# Retirement visa question



## hutchings1909

can any body tell me please im on retirement visa which should run out on the 14th of june but because of weekends and holidays,on my passport is only up to the 30 may,can i go to immigration on the 30th and get my passport stamped till the 14th of june?


----------



## Cer

hutchings1909 said:


> can any body tell me please im on retirement visa which should run out on the 14th of june but because of weekends and holidays,on my passport is only up to the 30 may,can i go to immigration on the 30th and get my passport stamped till the 14th of june?


You can het your extension 2-3 weeks ahead of the final date,without any problem.


----------



## hutchings1909

well i went to mai sai got 2 weeks extension on my visa so now i have 1 year and 2 weeks on my 90 day reporting.


----------



## Cer

hutchings1909 said:


> well i went to mai sai got 2 weeks extension on my visa so now i have 1 year and 2 weeks on my 90 day reporting.


Don't know what you mean?
Visa extensions are a complete different thing, compared to 90 days reports.
I know people who never do a 90 days report (because they travel a lot and are never more than 90 days in the country) and they do have a year visa.If you not leave the country you will need to make the 90 days visit.


----------



## Digitalwolf2017

If I remember correctly, if I get a retirement visa one of the requirements is that I put 25K into a Thai bank which does not gain interest. My question is, will my wife, who is also an American, also need her own 25K too?


----------



## Cer

Digitalwolf2017 said:


> If I remember correctly, if I get a retirement visa one of the requirements is that I put 25K into a Thai bank which does not gain interest. My question is, will my wife, who is also an American, also need her own 25K too?
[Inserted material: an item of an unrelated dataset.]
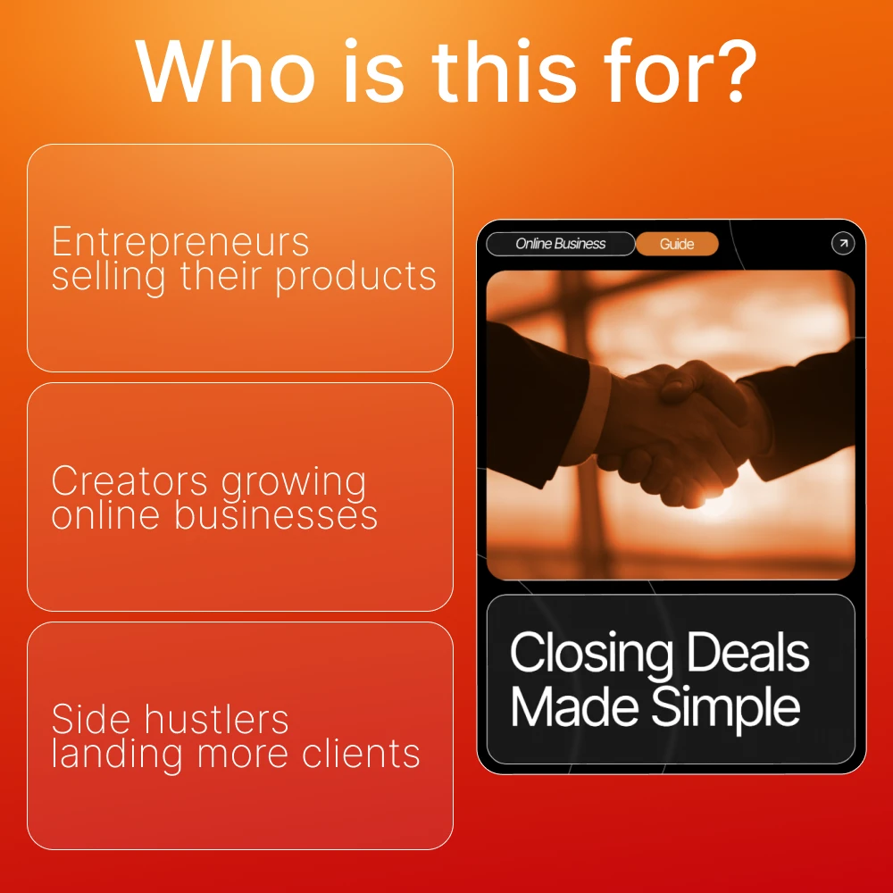 This guide is perfect for creators, small business owners, and side hustlers ready to feel more confident selling their products or services. If you want sales steps explained simply and strategies that actually work, Closing Deals Made Simple gives you the clarity and tools to close with ease — no pushy tactics required.

You will need 800K or 65K/month or combination of both.
Your wife can obtain a dependent (on you) visa.
Check with the Thai embassy in your home country


----------



## Digitalwolf2017

"You will need 800K or 65K/month or combination of both."

...so

That is $25,086.40 as of today, 26 June 2012, in US dollars, and or $ 2038.27 a month.

Do I understand you correctly, that my wife with a "dependent visa" would not need her own savings and or retirement income (as listed above)?


----------



## Cer

Like I wrote in previous message,get your 100% correct info from Thai embassy.
I retired 8 years ago and my wife was Thais, so I only read about this subject.


----------



## joseph44

Digitalwolf2017 said:


> "You will need 800K or 65K/month or combination of both."
> 
> ...so
> 
> That is $25,086.40 as of today, 26 June 2012, in US dollars, and or $ 2038.27 a month.
> 
> Do I understand you correctly, that my wife with a "dependent visa" would not need her own savings and or retirement income (as listed above)?


Yes, if your wife gets a dependent visa she won't need to comply with the financial requirements. 
A few years ago, the Thai government was about to change this, but due to a lot of protests they skipped this plan.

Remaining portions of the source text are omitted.